■ Supplied data:
· · · · · · ·

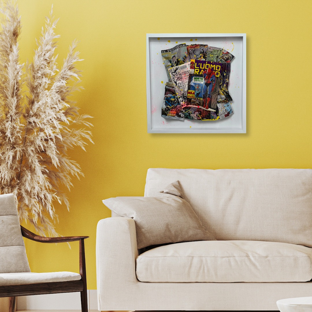 Tecnica: Ritagli di fumetti vintage e disegni dell'artista su carta poggiati su tela e racchiusi in una cornice a cassetta in legno e plexiglass.
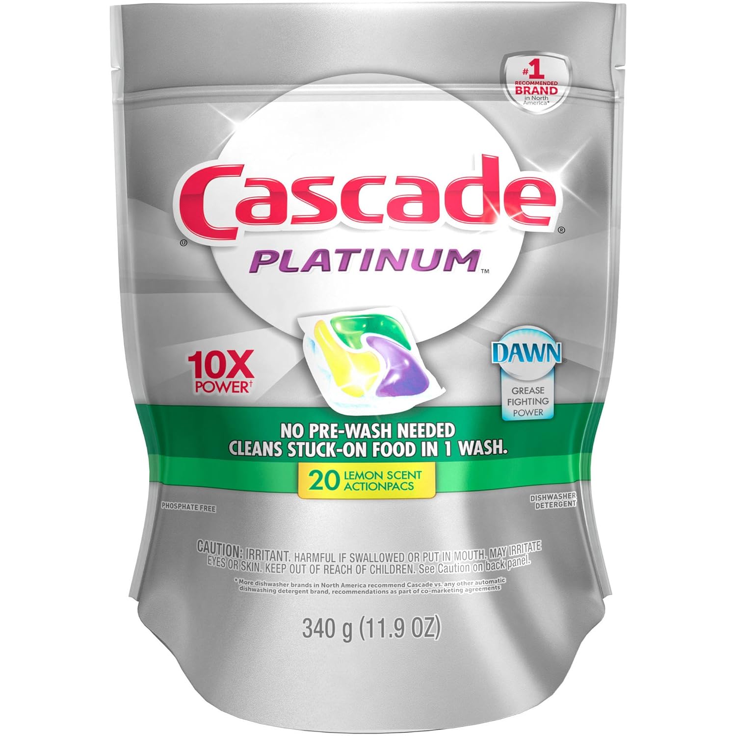 Cascade Platinum ActionPacs Kitchen Cleaner Dishwasher Detergent Lemon Burst, 20 count is best for youCascade Platinum ActionPacs clean stuck-on food in one wash, with no pre-wash needed. Plus, with 3X more* film-fighting power, they're our best clean for sparkling silverware and dishwasher. Premium tough food cleaning powers away stuck-on foods, while built-in rinse aid action and the grease-fighting power of Dawn make your dishes dazzle. Plus, it's formulated to help prevent hard-water filming--keeping your machine looking fresh and clean. Simply pop in an ActionPac and reveal a Platinum sparkle. *vs. the leading gel after 15 cycles in hard-water lab test Cascade Platinum ActionPacs Dishwasher Detergent Lemon Burst, 20 count: No pre-wash needed--cleans stuck-on food in one wash Cascade's best clean for sparkling silverware and dishwasher 3X more* film-fighting power ActionPacs are formulated with the grease-fighting power of Dawn Rinse aid action with Shine Shield formula rinses away residue and leaves brilliant shine Size: 23 pacs [13.7 oz (391 g)] Form: Tablets Model: 3700084469 Brand: Cascade Assembled Product Dimensions (L x W x H): 3.00 x 6.25 x 10.38 Inches
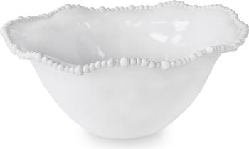 Featuring a pearl rim, it is a natural for fruit, salads and chips. This generous bowl has the substance, weight and appearance of a ceramic piece, but is made of luxury melamine for everyday enjoyment. Perfectly suited for indoor and outdoor entertainment.
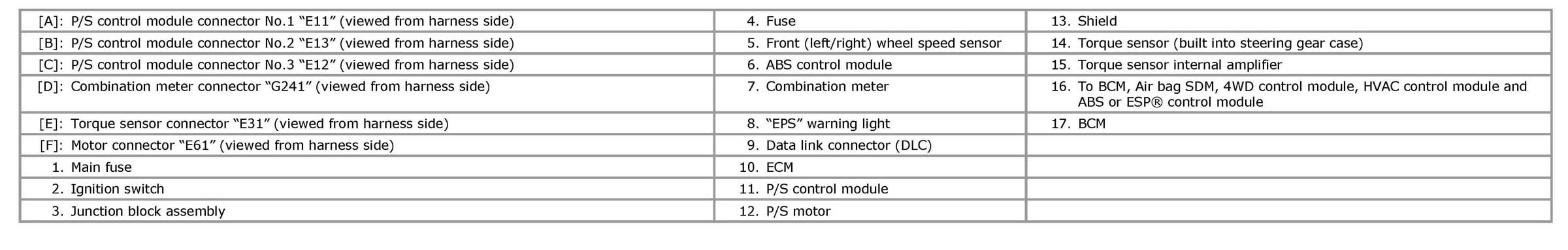 Terminal Arrangement of P/S Control Module Coupler (Viewed from Harness Side)

· · · · · · ·

■ What the exercise asks:
Once the line containing "Featuring a pearl" has been found, write out exactly that line and each one after it through the end of the data, leaving out every picture.

■ Exercise response:
 Featuring a pearl rim, it is a natural for fruit, salads and chips. This generous bowl has the substance, weight and appearance of a ceramic piece, but is made of luxury melamine for everyday enjoyment. Perfectly suited for indoor and outdoor entertainment.
 Terminal Arrangement of P/S Control Module Coupler (Viewed from Harness Side)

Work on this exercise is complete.